Uitspraak
Datum uitspraak: 18 oktober 2023
BESTUURSRECHTSPRAAK
lid van de enkelvoudige kamer
Raad van State
In deze zaak gaat het om een hoger beroep van [appellant] tegen de uitspraak van de rechtbank Zeeland-West-Brabant, die op 3 oktober 2022 het beroep van [appellant] ongegrond verklaarde. Het hoger beroep betreft de afwijzing van een handhavingsverzoek door het college van burgemeester en wethouders van Terneuzen met betrekking tot de Aldi-supermarkt aan de Kokkeldreef 10 te Terneuzen. [appellant] ervaart geluidhinder van de supermarkt en heeft het college verzocht om handhavend op te treden. Het college heeft echter besloten dat specialistisch geluidsonderzoek noodzakelijk was, maar [appellant] heeft een afspraak voor dit onderzoek afgezegd.

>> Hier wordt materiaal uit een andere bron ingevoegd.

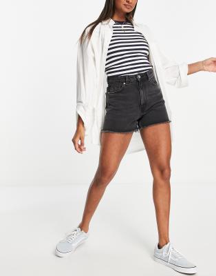 Denim shorts by Monki Make some leg room High rise Belt loops Five pockets Frayed hem Regular fit

De rechtbank heeft in haar uitspraak geoordeeld dat het college niet in redelijkheid het handhavingsverzoek kon toewijzen zonder eigen geluidmetingen. [appellant] heeft in hoger beroep betoogd dat de rechtbank ten onrechte een memo van ing. S. Grob niet heeft meegenomen in haar beoordeling. Deze memo zou volgens [appellant] aantonen dat het college geen eigen geluidmetingen mocht uitvoeren. De Afdeling bestuursrechtspraak van de Raad van State heeft echter geoordeeld dat het college in redelijkheid een eigen geluidonderzoek nodig kon achten, gezien de omstandigheden van de zaak.

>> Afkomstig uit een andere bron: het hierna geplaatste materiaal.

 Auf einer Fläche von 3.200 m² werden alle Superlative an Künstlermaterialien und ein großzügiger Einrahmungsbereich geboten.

De Afdeling bevestigt de uitspraak van de rechtbank en oordeelt dat het college terecht heeft vastgesteld dat er geen overtreding was en dat het handhavingsverzoek terecht is afgewezen. De Afdeling concludeert dat de rechtbank de memo van Grob niet in haar beoordeling kon betrekken, omdat deze niet eerder was ingediend. De beslissing van de Afdeling is dat het hoger beroep ongegrond is en de uitspraak van de rechtbank wordt bevestigd.